Merci à Page Turners romans pour l’envoi de ce roman.

Hello ! Aujourd’hui on se retrouve pour la chronique d’un roman poétique et doux Les histoires ça ne devrait jamais finir d’Esmée Planchon.

Que feriez-vous si Shannon Messenger annonçait aujourd’hui que Gardiens des cités perdues s’arrêtait ici, que le tome 9 était finalement annulé ? C’est la situation dans laquelle se retrouve Lucien, un adolescent, alors que le tome final de sa saga favorite Les mondes invisibles est purement et simplement annulé par son auteure, la mystérieuse Maria Zumaï.

Accompagné de quelques amis aussi fans que lui de la saga, Lucien se lance donc sur les traces de l’auteure. Le tout donne un roman poétique, plein de bons mots et de rêves esquissés au fil des pages.
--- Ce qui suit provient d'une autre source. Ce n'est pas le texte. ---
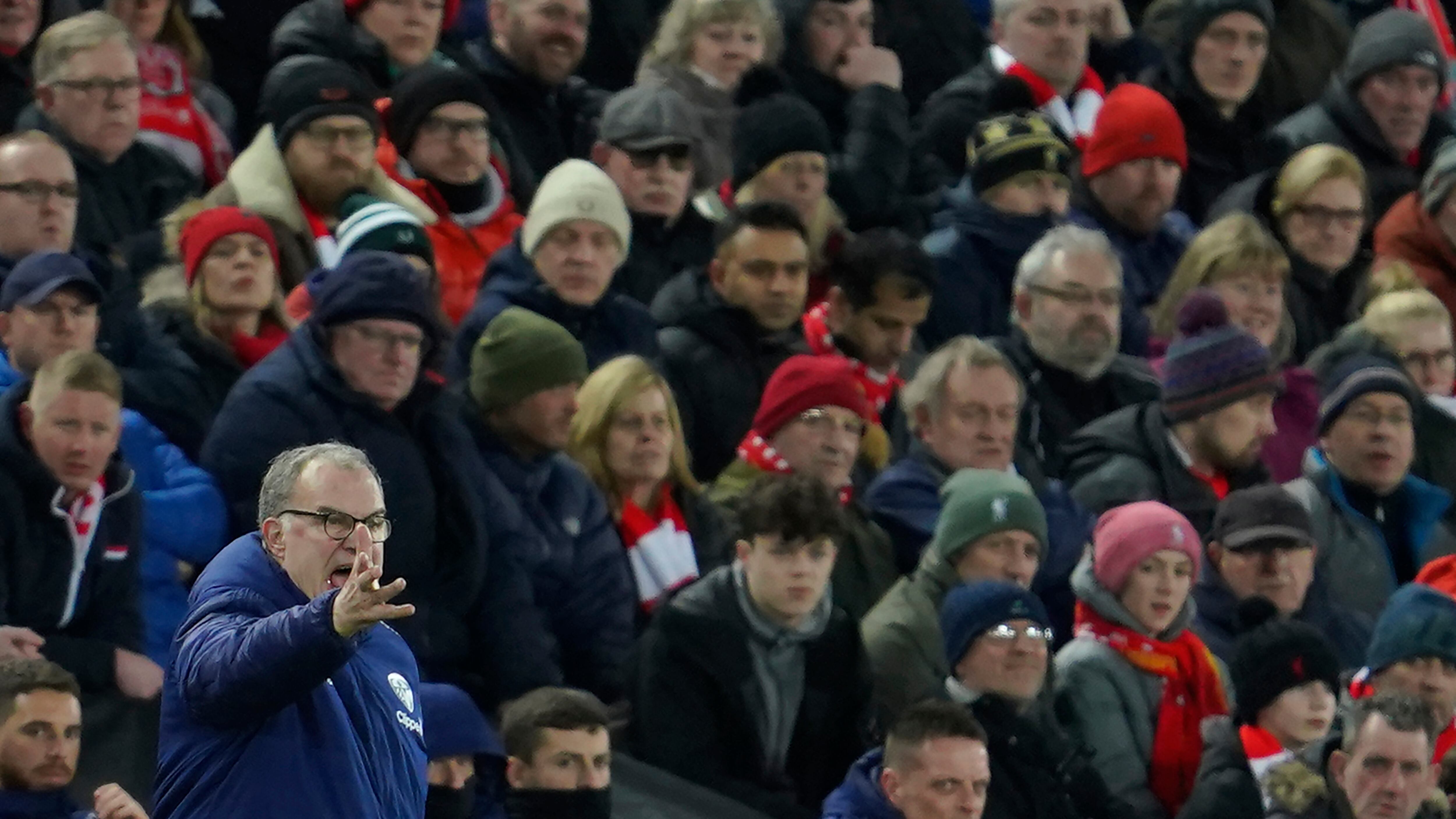 El técnico de Leeds Marcelo Bielsa durante el partido contra Liverpool por la Liga Premier, el miércoles 23 de febrero de 2022. (AP Foto/Jon Super) El técnico de Leeds Marcelo Bielsa durante el partido contra Liverpool por la Liga Premier, el miércoles 23 de febrero de 2022. (AP Foto/Jon Super) (Jon Super/AP)

Ajoutez à cela une pointe de romance (LGBTQ+, la cerise sur le gâteau) et une belle amitié et vous comprendrez que c’est un véritable coup de cœur.

Le résumé

Lucien a 16 ans.

Sur internet, il est Zora, pilier de la communauté de fans des Mondes invisibles, la série fantastique culte de Maria Zumaï.

Dans la vraie vie, il est le garçon le moins cool de l’internat.

Un lycéen qui aime discuter en ligne avec Xena, écrire des fanfictions, lire des histoires où deux garçons s’embrassent et se promener au bord d’un lac.

Mais quand la mystérieuse Maria Zumaï interrompt brusquement sa saga, Lucien se retrouve embarqué malgré lui dans une enquête. Une enquête dans les livres pour trouver des vérités dans la vie.

~ Retour sur cette lecture ~

Une écriture sublime

La plume d’Esmée Planchon a été une véritable découverte et je peux simplement dire que je vais suivre de près ses prochaines publications. Elle est tout ce que j’admire : douce, pleine de métaphores bien trouvée et même onirique par moments.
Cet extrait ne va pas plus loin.